──────── Available data

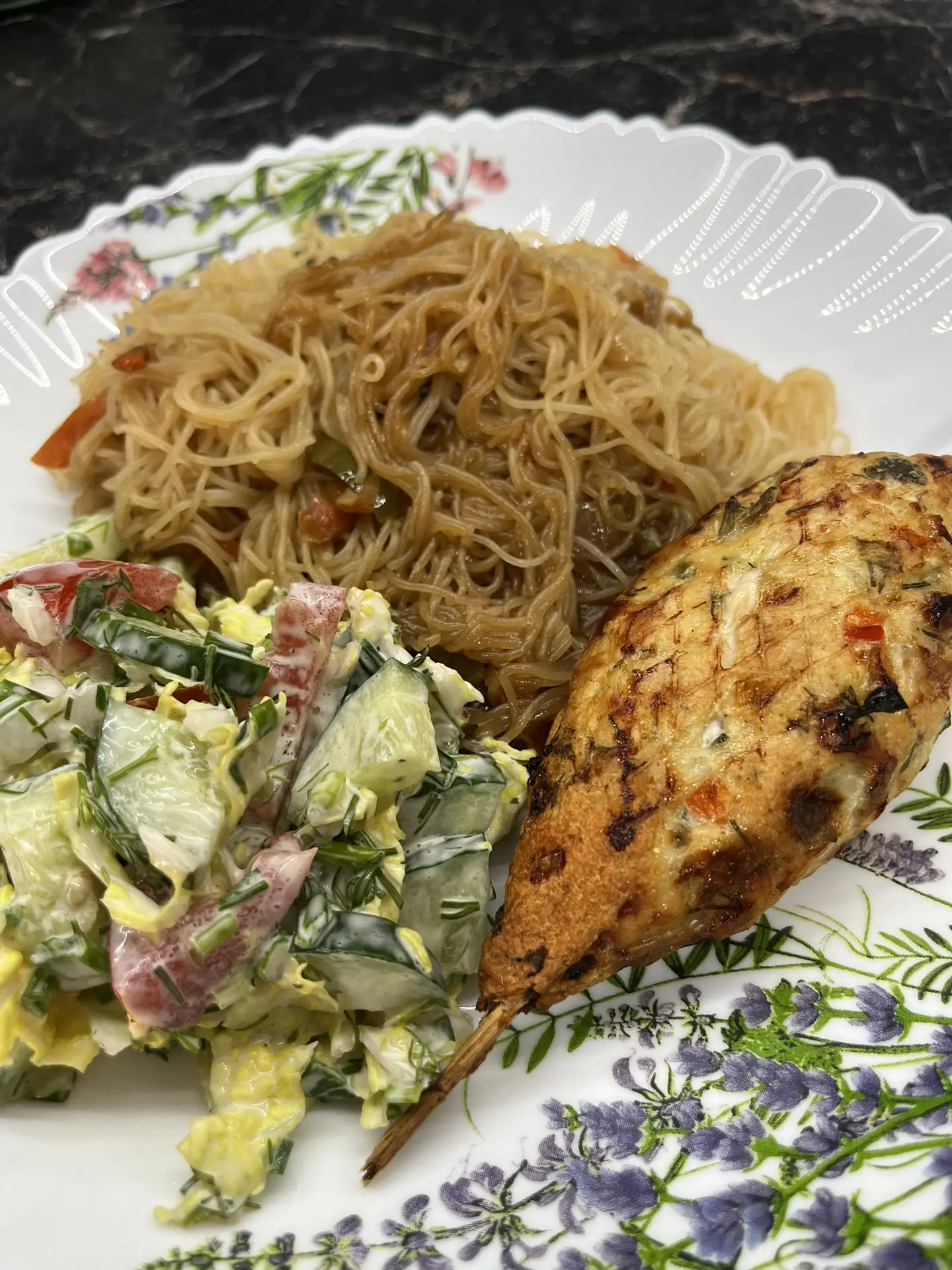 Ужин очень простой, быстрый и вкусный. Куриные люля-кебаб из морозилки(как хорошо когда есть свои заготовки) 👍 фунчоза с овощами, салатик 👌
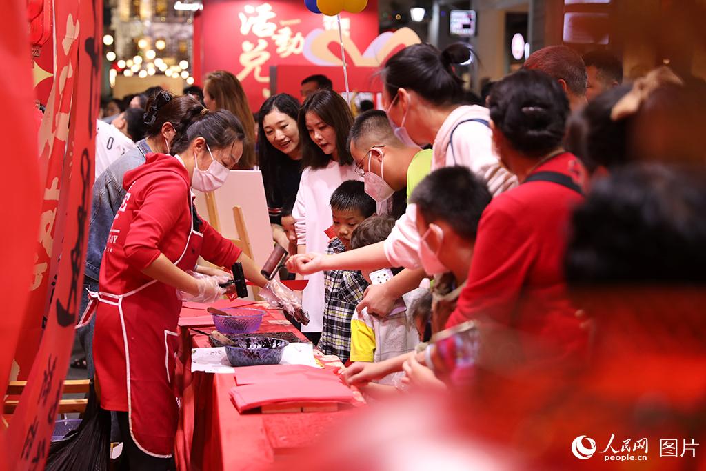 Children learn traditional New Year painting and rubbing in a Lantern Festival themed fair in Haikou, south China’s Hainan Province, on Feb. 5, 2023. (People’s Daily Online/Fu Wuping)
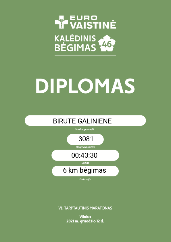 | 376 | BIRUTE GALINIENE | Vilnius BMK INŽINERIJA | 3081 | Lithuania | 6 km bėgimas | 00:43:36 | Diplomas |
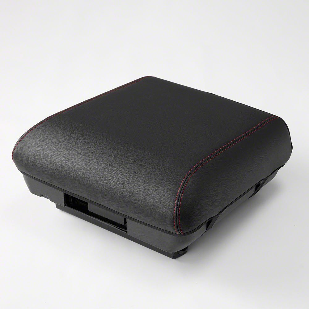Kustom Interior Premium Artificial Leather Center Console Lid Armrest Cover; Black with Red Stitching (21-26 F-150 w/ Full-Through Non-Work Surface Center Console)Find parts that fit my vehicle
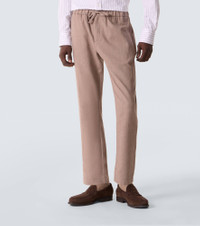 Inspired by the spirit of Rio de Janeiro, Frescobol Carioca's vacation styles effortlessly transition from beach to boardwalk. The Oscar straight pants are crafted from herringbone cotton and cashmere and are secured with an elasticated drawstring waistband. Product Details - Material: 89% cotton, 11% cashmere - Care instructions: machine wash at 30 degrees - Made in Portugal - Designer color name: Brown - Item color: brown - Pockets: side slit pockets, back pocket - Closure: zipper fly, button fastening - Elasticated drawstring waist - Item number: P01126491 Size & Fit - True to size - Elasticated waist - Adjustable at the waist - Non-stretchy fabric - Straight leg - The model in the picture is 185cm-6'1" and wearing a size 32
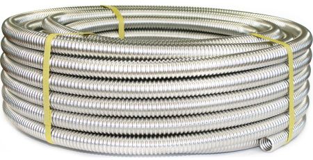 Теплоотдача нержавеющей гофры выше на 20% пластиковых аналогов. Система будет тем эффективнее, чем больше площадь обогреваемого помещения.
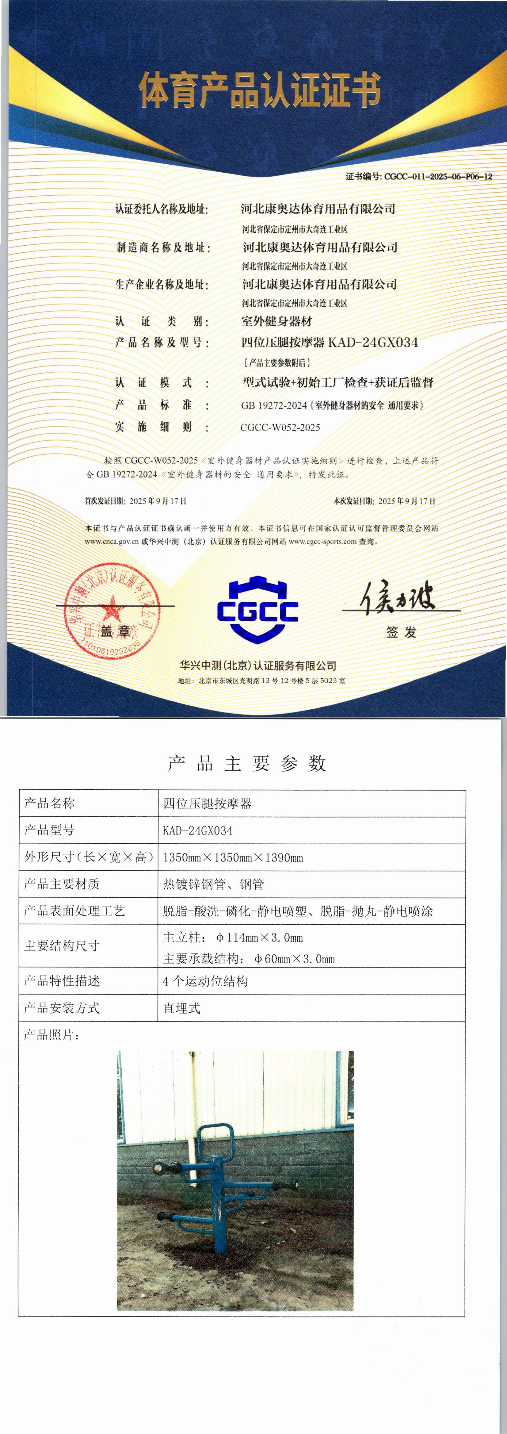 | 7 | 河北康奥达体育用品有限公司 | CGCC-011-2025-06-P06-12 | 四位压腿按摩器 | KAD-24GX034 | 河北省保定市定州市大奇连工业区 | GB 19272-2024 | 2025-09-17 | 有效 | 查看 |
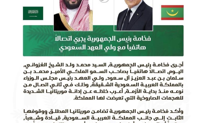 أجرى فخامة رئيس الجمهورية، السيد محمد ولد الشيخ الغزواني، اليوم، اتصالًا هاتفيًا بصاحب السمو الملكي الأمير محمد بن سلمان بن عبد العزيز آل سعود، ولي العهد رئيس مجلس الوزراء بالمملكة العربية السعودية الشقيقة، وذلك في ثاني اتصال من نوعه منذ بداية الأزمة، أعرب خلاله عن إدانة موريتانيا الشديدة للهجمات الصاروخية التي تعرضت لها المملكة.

────────────────

To do: Make an exact copy of the records from their first line through the line containing "Kustom Interior Premium", both ends included, with the pictures omitted.

Answer box:
 Ужин очень простой, быстрый и вкусный. Куриные люля-кебаб из морозилки(как хорошо когда есть свои заготовки) 👍 фунчоза с овощами, салатик 👌
 Children learn traditional New Year painting and rubbing in a Lantern Festival themed fair in Haikou, south China’s Hainan Province, on Feb. 5, 2023. (People’s Daily Online/Fu Wuping)
 | 376 | BIRUTE GALINIENE | Vilnius BMK INŽINERIJA | 3081 | Lithuania | 6 km bėgimas | 00:43:36 | Diplomas |
Kustom Interior Premium Artificial Leather Center Console Lid Armrest Cover; Black with Red Stitching (21-26 F-150 w/ Full-Through Non-Work Surface Center Console)Find parts that fit my vehicle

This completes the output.